By Lethbridge Herald Opinon on March 15, 2017.
If Lethbridge has a “heart of the city,” surely it’s Galt Gardens.
About 110 years ago, the city plowed the land, then planted trees and grass. Before then, the “town square” was used as a sports field. It was a place for lacrosse, cricket, football, tennis and more.
In 1910, when the city acquired the four-block tract from Elliott Galt, he stipulated the land must be maintained as a park forever. How the city has acted on that mandate has certainly evolved over the years.
Historic photos from the 1920s show an ornate bandstand, placed over top of a “board of trade” building. In front, park benches line both sides of a paved plaza.

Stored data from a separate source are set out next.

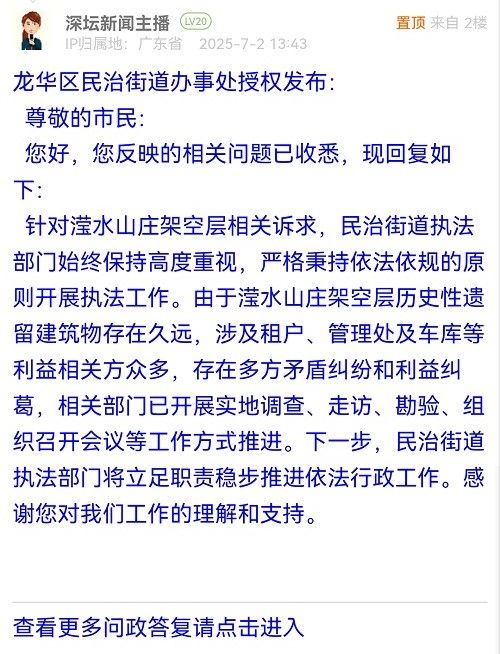 针对滢水山庄架空层相关诉求,民治街道执法部门始终保持高度重视,严格秉持依法依规的原则开展执法工作。由于滢水山庄架空层历史性遗留建筑物存在久远,涉及租户、管理处及车库等利益相关方众多,存在多方矛盾纠纷和利益纠葛,相关部门已开展实地调查、走访、勘验、组织召开会议等工作方式推进。下一步,民治街道执法部门将立足职责稳步推进依法行政工作。感谢您对我们工作的理解和支持。
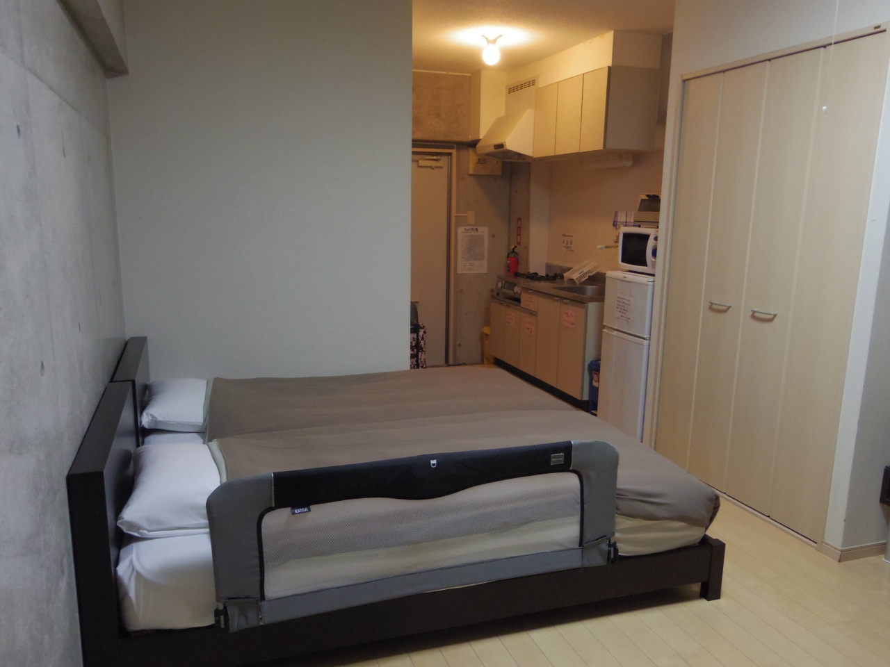 子連れにやさしく激安なホテルを石垣島に発見。赤ちゃん連れプランがあり、空港無料送迎つき。普通タクシーだと2000円以上する距離なのでこれは素晴らしいサービス。市街地からは3kmほど離れているのだけど、目の前に大きなスーパー等商業施設があり便利。街へ行くバス停も目の前。長期滞在型のホテルなので、キッチン完備。洗濯機もある。今回赤ちゃん連れ応援プランなるものできたので、ベッドガード、おもちゃ、オムツ10枚が用意されていた。こんなに至れり尽くせりなのに、素泊まり一人4200円と安い。
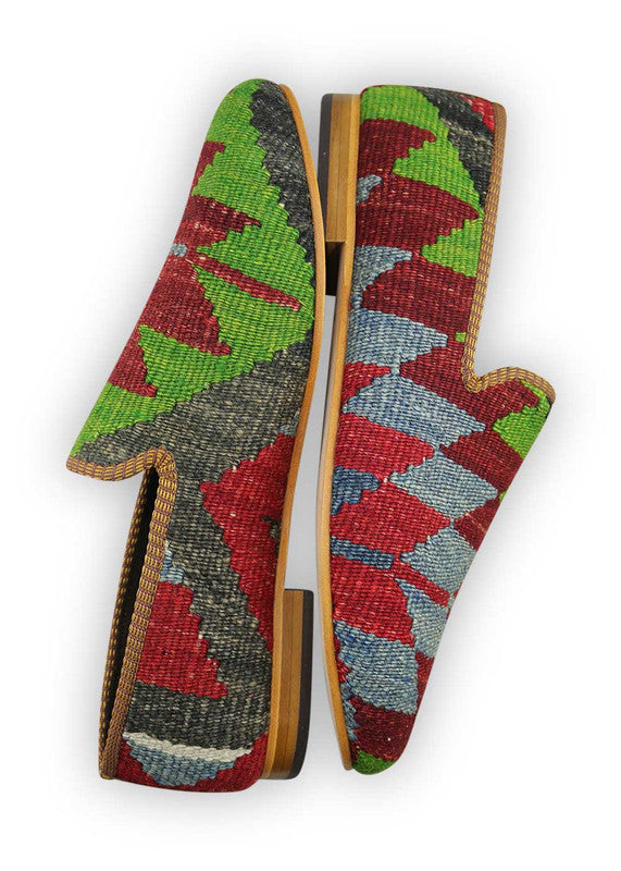 Kilims are a style of textile traditionally crafted on Turkey's Anatolian peninsula, primarily woven from wool on a cotton ground. Kilims are flat-woven, featuring a thin, tight weave that make them a perfect textile for crafting shoes and accessories. Every symbol, color, and pattern woven into the Kilim has meaning and represents a hope, a dream, or a story from the life of the weaver.
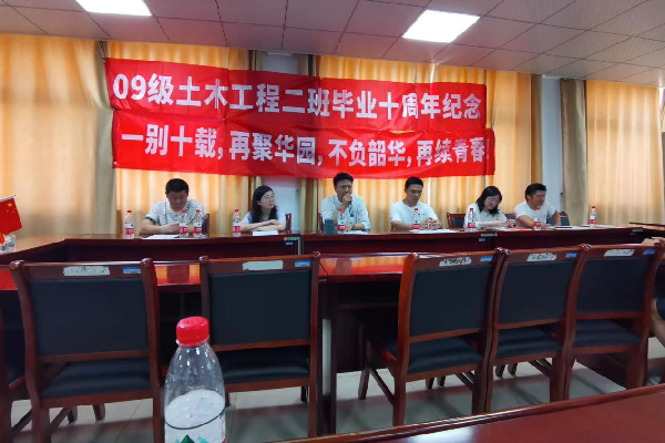 本网讯(通讯员:李燕飞)一别十载,再聚华园,不负韶华,再续青春。7月8日上午,城市建设学院2009级土木工程本科2班校友毕业十周年座谈会在实验1号楼303开展,城市建设学院副院长崔风波,安徽新华学院校友工作办公室郭圆,城市建设学院土木工程系主任蒋亚琼、教师代表唐月出席会议。2009级土木工程本科2班班长唐先水主持会议。
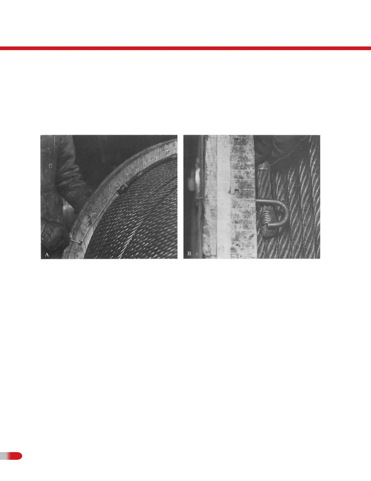 photos show two acceptable methods: A) one end of a wire "noose" holds the rope, and

Later, an entrepreneur named Walter Gurney rented the building and converted it into a museum for “natural history” and gunnery displays.
Funds from the Carnegie foundation spurred construction of a library on the south side of the park, added in 1952. A memorial to First World War veterans had been built in 1931.
More recently, residents have seen the library transformed into the Southern Alberta Art Gallery, and the cenotaph relocated to a site beside city hall.
Modern-day improvements have included the circular pergola with a stage and seating, and a spray park near the park’s southeast corner. Meanwhile, the park has become “home” to an impressive list of events: Shakespeare in the Park; the Street Wheelers’ show; Canada Day celebrations; events focused on jazz; aboriginal traditions; LGBTQ equality; Oktoberfest – and so much more.
As the city evolves, the park takes on many new roles. So it’s probably time for improvements and a new vision for Galt Gardens. A new master plan for the park has been prepared and presented to city council.
Citizens and user groups were consulted during its preparation, and Lethbridge residents will have an opportunity to offer more comments and suggestions later this spring.
The proposal now under consideration would bring visible improvements and new facilities, including a playground for children. The historic Canadian Pacific Railway steam locomotive would also be returned to the park, and a new water feature added for more passive enjoyment of the park.
Improvements would take place in several phases, at a cost of about $5.1 million.
City council will have many worthy projects to consider as it works its way through Capital Improvement Program proposals for the coming years. Councillors will evaluate the Galt Gardens plan alongside others which may offer many advantages. And whether Alberta is riding an economic boom or pulling out of a “bust,” there’s a limit to what city taxpayers and the provincial grants programs can afford.
But with its ties to our earliest days as a community – and in recognition of the countless celebrations and events that have been held in our downtown park for more than a century, we hope council will be able to proceed with these upgrades. At the heart of the city, Galt Gardens has played a unique role in the life of our community.